Feutune Light Acquisition Corporation
June 13, 2022
Via Edgar
Ms. Stacie Gorman
Division of Corporation Finance
Office of Real Estate & Construction
U.S. Securities and Exchange Commission
100 F Street, NE
Washington, D.C., 20549
Re: | Feutune Light Acquisition Corporation |
Registration Statement Filed June 13, 2022 | |
File No. 333-264221 | |
Dear Ms. Gorman:
This letter is in response to the letter dated June 13, 2022, from the staff (the “Staff”) of the Securities and Exchange Commission (the “Commission”) addressed to Feutune Light Acquisition Corporation (the “Company,” “we,” and “our”). For ease of reference, we have recited the Commission’s comments in this response and numbered them accordingly. An Amendment No. 4 to the Registration Statement on Form S-1 (the “Amendment”) is being filed to accompany this letter.

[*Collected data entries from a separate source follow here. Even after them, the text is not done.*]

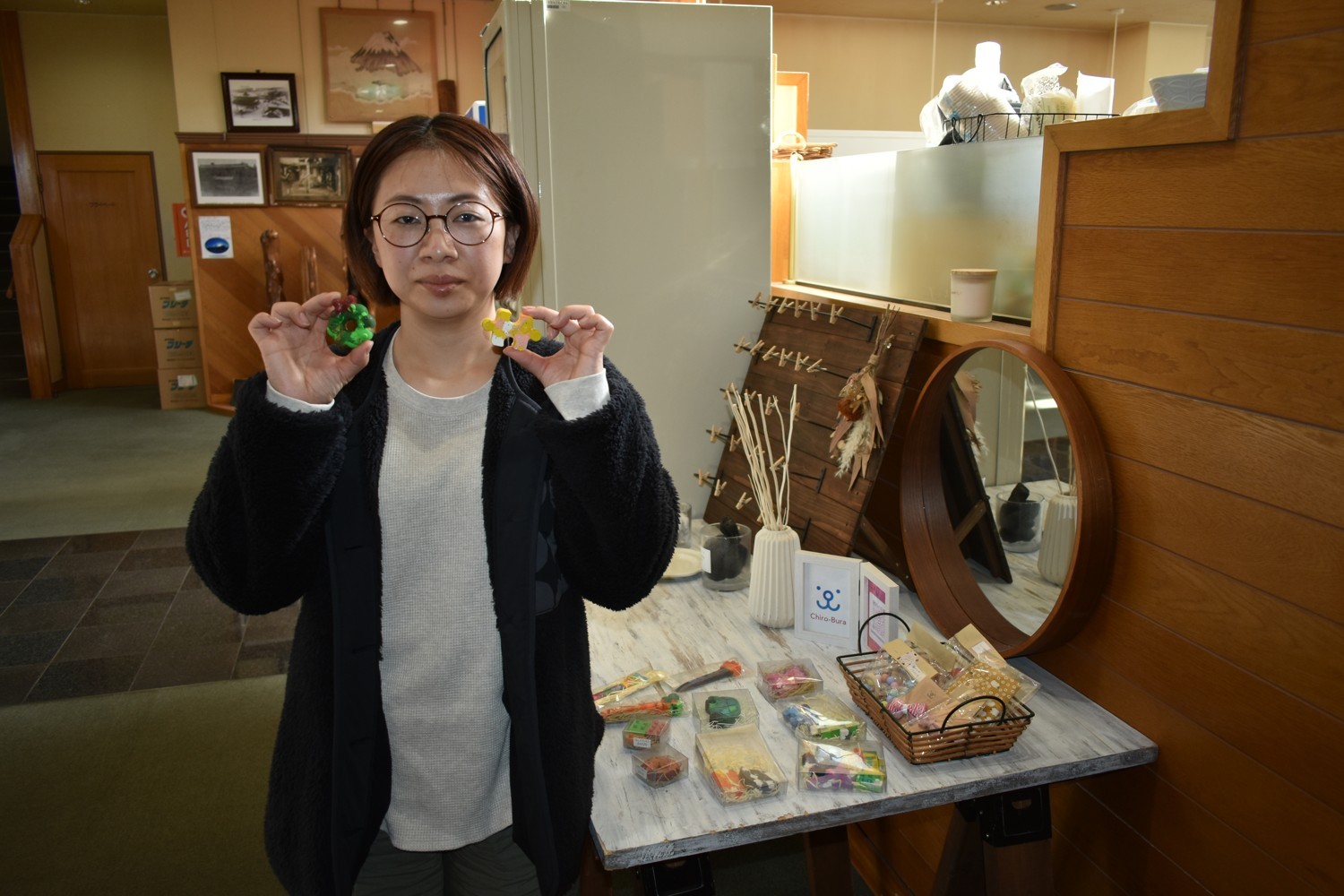 [写真/自身の作品を手に、マルシェをPRする堀内さん]
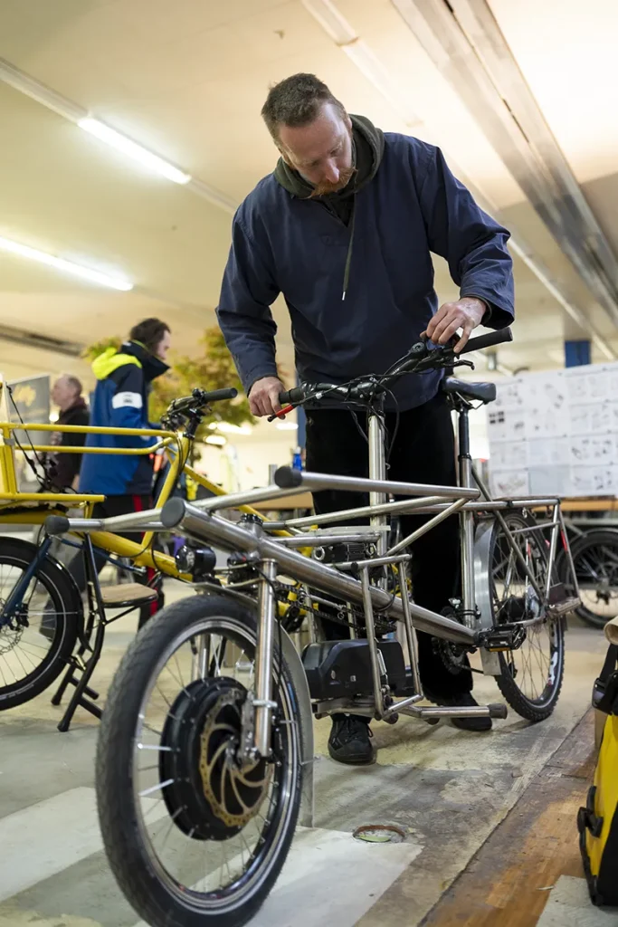 Pour l’occasion, Tiphen de Miel d’Ours nous a même prêté son Convivial, un biporteur disposant d’une nacelle pour accueillir deux enfants, qui a ravi petits et grands. Les visiteurs ont également pu découvrir la Girouette, notre porteur universel de levier de vitesse pour vélo, ainsi que le Pottok, un biporteur fabriqué par Adrien de Véloma.
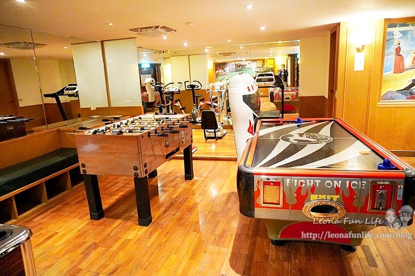裏頭有健身房、遊戲機、撞球等設施可以讓房客免費使用,
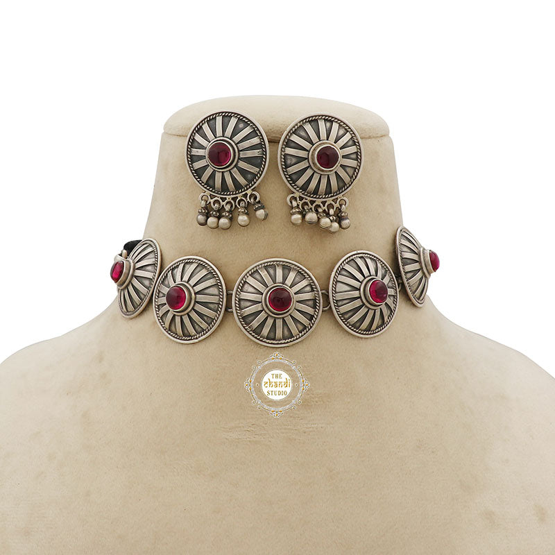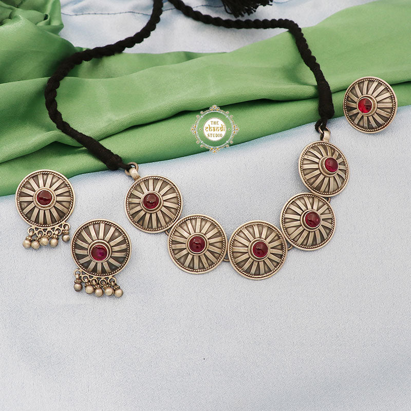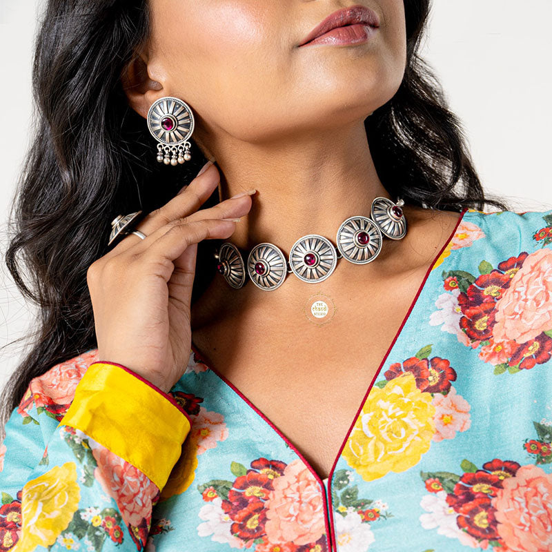 Dilkash Romantic Ruby Chakra Necklace Set – Embrace elegance with this enchanting set featuring a radiant ruby centerpiece surrounded by intricate chakra designs. Ideal for romantic occasions, its vibrant gemstones and delicate craftsmanship enhance any look. Perfect for adding a touch of sophistication and passion to your ensemble.

Amendment No. 3 to Registration Statement on Form S-1
General
1. With a view toward disclosure, please tell us whether your sponsor is, is controlled by, or has substantial ties with a non-U.S. person. If so, also include risk factor disclosure that addresses how this fact could impact your ability to complete your initial business combination. For instance, discuss the risk to investors that you may not be able to complete an initial business combination with a U.S. target company should the transaction be subject to review by a U.S. government entity, such as the Committee on Foreign Investment in the United States (CFIUS), or ultimately prohibited. Disclose that as a result, the pool of potential targets with which you could complete an initial business combination may be limited. Further, disclose that the time necessary for government review of the transaction or a decision to prohibit the transaction could prevent you from completing an initial business combination and require you to liquidate. Disclose the consequences of liquidation to investors, such as the losses of the investment opportunity in a target company, any price appreciation in the combined company, and the warrants, which would expire worthless..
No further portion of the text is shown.